For the Gulf countries, this conflict has been a reckoning. Although they are not saying it publicly, the war has caused leaders throughout the region to reassess their relationship with United States and its president, Donald Trump. Many Gulf monarchs had welcomed the reelection of Trump because they liked his transactional foreign policy style.
But in this round of fighting, the warnings of Gulf leaders have gone unheeded. In the months before, they argued against opening a new round of conflict with Iran and urged Trump to keep negotiating with Iranian leaders. Yet despite personal visits from the Saudi crown prince, Emirati leaders, and other regional officials, Trump went ahead with the attacks. He ultimately gave more weight to the wants of Israeli Prime Minister Benjamin Netanyahu, who long desired a major joint and decisive operation against Iran.
Gulf leaders are increasingly aware that Trump’s unpredictability can be dangerous and that U.S. desires often clash with their own. But pivoting away from the United States won’t be easy. There is no other country that can replace it: Gulf leaders’ cautious outreach toward Iran, for example, failed to stop Tehran’s attacks, and their quiet cooperation with Israel didn’t prevent that state’s officials from upending the entire region.
To create a new regional equilibrium
Gulf countries must try to claw back some autonomy. To do so, the countries’ leaders ought to quickly coalesce around a strategy designed to limit escalation, maintain flexibility, and protect economic growth so they can sustain their domestic agendas. They will have to move beyond their earlier strategy of managed hedging — or relying on the United States while selectively engaging with Iran and Israel — and instead create a new regional equilibrium. They will need to set up new channels for diplomacy between the region’s competitors. And they will have to form better and more durable regional partnerships with countries that are not the United States — and create stronger linkages among themselves.
There is much about the present Middle East that is alarming to Gulf leaders. But Israel’s growing aggression is of particular concern. In the past, some regional officials — namely, the Emiratis and Bahrainis — saw their Israeli counterparts as useful security and economic partners. But Israel has now thrown all caution to the wind and become a destabilizing actor. Its refusal to engage meaningfully with Palestinian aspirations for self-determination has prompted unrest in the past, and it almost guarantees more violence in the future.
Next Gulf war
Israel also remains continuously committed to weakening Iran, and it does not seem to care whether Arab states are attacked in the process. In fact, it has been willing to strike them to pursue its aims.

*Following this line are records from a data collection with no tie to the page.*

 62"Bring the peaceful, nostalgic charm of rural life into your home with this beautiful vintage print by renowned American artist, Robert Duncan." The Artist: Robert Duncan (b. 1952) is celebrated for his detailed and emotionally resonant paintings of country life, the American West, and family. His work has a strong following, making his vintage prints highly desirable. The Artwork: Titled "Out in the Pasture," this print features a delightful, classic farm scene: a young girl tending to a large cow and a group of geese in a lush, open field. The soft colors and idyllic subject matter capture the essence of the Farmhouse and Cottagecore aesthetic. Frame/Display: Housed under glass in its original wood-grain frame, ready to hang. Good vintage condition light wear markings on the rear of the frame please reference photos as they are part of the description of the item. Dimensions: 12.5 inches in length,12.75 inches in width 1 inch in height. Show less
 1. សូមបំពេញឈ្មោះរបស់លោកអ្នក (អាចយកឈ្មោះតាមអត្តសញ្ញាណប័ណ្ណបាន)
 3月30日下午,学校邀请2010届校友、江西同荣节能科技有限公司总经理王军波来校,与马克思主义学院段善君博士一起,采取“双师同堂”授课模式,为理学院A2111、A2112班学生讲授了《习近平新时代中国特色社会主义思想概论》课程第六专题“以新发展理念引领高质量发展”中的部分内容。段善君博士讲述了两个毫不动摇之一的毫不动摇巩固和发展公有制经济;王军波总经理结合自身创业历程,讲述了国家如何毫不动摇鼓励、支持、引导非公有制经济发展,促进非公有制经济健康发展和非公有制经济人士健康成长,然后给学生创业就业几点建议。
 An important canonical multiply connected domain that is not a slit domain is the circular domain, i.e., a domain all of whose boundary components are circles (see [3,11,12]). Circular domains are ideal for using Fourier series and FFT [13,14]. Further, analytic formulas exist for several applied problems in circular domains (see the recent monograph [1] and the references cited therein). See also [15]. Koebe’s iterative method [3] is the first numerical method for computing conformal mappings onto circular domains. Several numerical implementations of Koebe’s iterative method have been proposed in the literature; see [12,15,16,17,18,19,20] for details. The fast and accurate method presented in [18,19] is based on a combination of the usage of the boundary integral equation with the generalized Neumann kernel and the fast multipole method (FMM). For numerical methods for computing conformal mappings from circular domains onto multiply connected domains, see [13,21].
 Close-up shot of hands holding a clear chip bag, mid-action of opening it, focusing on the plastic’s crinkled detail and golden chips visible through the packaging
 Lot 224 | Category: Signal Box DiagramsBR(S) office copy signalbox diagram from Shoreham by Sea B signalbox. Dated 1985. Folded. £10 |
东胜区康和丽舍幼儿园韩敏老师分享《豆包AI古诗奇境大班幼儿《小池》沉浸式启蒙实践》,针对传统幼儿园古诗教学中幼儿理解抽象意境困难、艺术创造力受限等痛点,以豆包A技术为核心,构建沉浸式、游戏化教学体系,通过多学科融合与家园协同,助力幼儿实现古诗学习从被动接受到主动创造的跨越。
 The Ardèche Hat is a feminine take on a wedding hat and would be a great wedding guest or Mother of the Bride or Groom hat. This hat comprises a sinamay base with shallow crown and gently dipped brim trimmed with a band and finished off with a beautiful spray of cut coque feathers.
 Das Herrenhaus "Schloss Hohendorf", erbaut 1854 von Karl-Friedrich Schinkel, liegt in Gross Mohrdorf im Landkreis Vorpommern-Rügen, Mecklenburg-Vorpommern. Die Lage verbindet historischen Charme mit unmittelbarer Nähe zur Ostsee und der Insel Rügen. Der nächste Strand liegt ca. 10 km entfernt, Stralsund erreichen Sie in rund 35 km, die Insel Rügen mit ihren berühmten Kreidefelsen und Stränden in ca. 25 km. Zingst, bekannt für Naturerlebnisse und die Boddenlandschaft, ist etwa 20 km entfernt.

A few weeks after the attack, Trump issued an executive order committing the United States to Qatar’s defense, with the goal of reassuring Gulf states that they would not become collateral damage on Washington’s watch. But such a commitment did little to protect Gulf countries when Israel and the United States launched their next war on Iran just a few months later. Washington has helped intercept some of Iran’s attacks against Arab countries, but it has largely prioritized defending Israel. The Gulf states are thus suffering under a barrage of Iran’s drones and missiles. They cannot move their products through the Strait of Hormuz, and they have lost their reputation as a commercial safe haven.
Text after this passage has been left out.